For most of its existence, London's Underground generated its own electricity. When there were power cuts in London, the Underground kept running on DC to the requirements of the railway. Some Londoners were very proud of this. The power station was universally known as Lots Road, without the suffix 'Power Station' as at Battersea.

When Battersea stopped churning out smoke I was rather pleased from an air quality point of view but it was not too long before some not too bright sparks, through perverse fiscal incentives, embarked on trying to get Britons to switch from petrol to diesel cars despite the North Sea producing light not heavy crude, ideal for refining petrol from but not the dirty-fumed diesel which had to be imported.

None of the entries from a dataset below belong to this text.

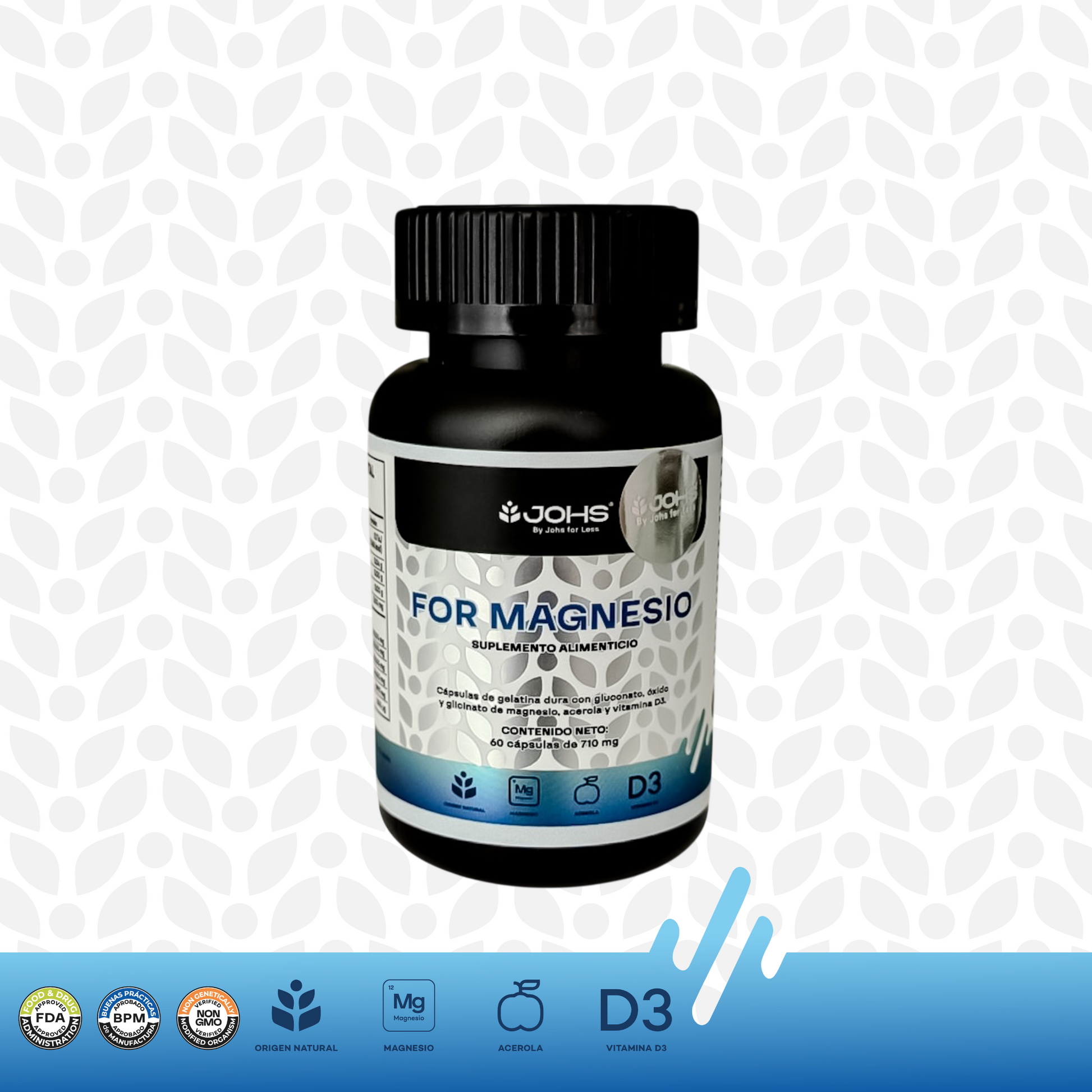 Cápsulas de gelatina dura con citrato, gluconato, oxido y glicinato de magnesio, acerola y vitamina D3.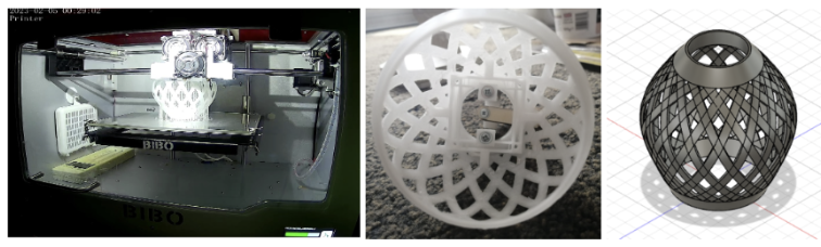 To create the lampshade (positioned at the top of the lamp), I utilised my at-home 3D printer. This enabled me to achieve a high level of precision and intricate detailing in the design.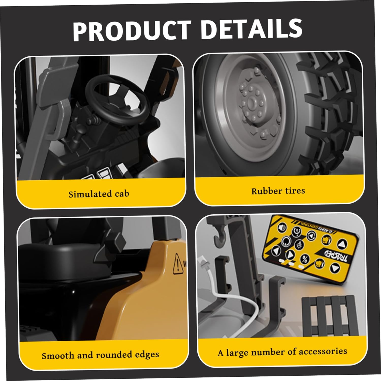 Costruzione in lega per la sicurezza: i componenti chiave sono caratterizzati da robusti materiali in lega, che garantiscono resistenza agli urti e durata..Sicuro per far giocare i bambini, resiste a urti e urti garantendo al tempo stesso un divertimento duraturo. Effetti sonori emozionanti: i suoni di avvio realistici e un fragoroso migliorano l'esperienza coinvolgente, rendendo il tempo di gioco più emozionante..Questi effetti audio conferiscono al carrello elevatore un aspetto realistico, aggiungendo divertimento. Precisione del telecomando: dotato di un telecomando reattivo, questo carrello elevatore garantisce un funzionamento regolare con ritardo zero..Gli utenti possono regolare l'altezza, spostarsi, indietro e manovrare gli oggetti senza soluzione di continuità per un gioco interattivo coinvolgente. Simulazione realistica di sollevamento: questo mini carrello elevatore telecomandato in scala 1/64 è progettato per replicare le operazioni di magazzino reali, consentendo ai bambini e ai collezionisti di godersi con facilità il sollevamento, l'impiccagione e il trasporto realistico di piccoli oggetti. Ricaricabile e portatile: con una batteria ricaricabile (NON INCLUSA), questo carrello elevatore garantisce un gioco continuo senza sostituzioni frequenti..Le sue dimensioni compatte e le staffe multi-montaggio rimovibili consentono una facile conservazione, personalizzazione e portabilità ovunque.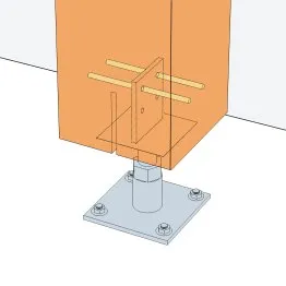 La connexion entre le pied de poteau et le poteau bois s’effectue à l’aide des deux broches supérieures.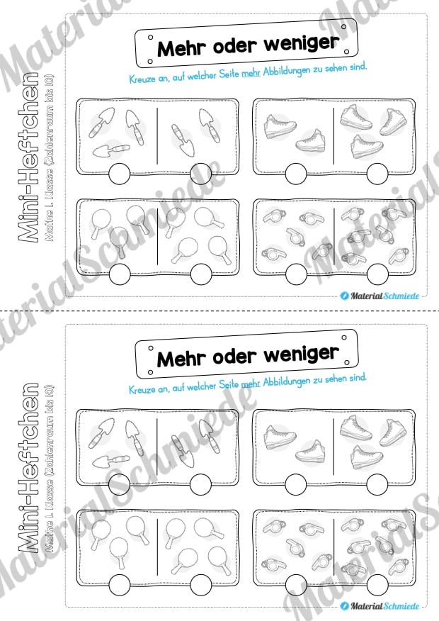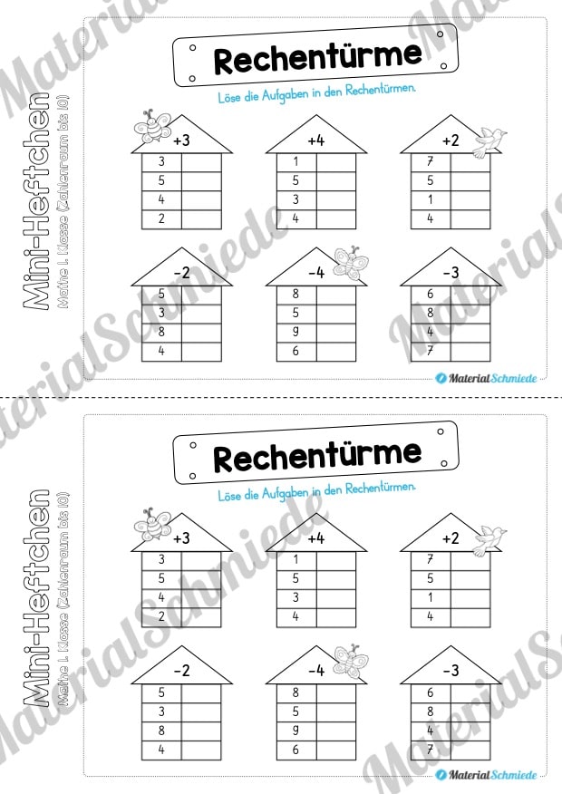 Folgende Übungen sind in dem Mathe-Mini-Heftchen für die 1. Klasse enthalten:

I once wrote a history of Underground stations, as a consultancy project, as station modernisation risked losing a lot of heritage, but it was necessarily selective of stations. Lots Road got a brief mention but not as a subject for any conservation. It was still in service.

The power station was located where barges could dock to deliver coal and take away ash without disturbing the heart of London, which beat on.

This grimy industrial site has been gilded since - and perhaps it could do with a lily pad atop a chimney (should we commission an artist to at least draw one?) - but in an altogether more relaxed way than the overdeveloped Battersea power station site downstream on the other side.

The three old boroughs of Chelsea, Kensington and Fulham, all residential boroughs, had a healthy attitude to tall buildings - they left them to nearby Westminster that had need of offices and which did not even allow residential houses in Mayfair that had switched to office use to switch back to residential.

The exception in the three boroughs eventually became the pagoda topped tower at Chelsea Harbour, next door to Lots Road.

It is not that tall by our contemporary standards but it was still felt in neighbouring districts to be a bit dominant on the skyline. People were willing to regard it as an exception, though, because topping it with a pagoda was rather inspired and it enlivened this once grubby industrial site.

It did, however, set the precedent for the now much taller towers along the river, most downstream.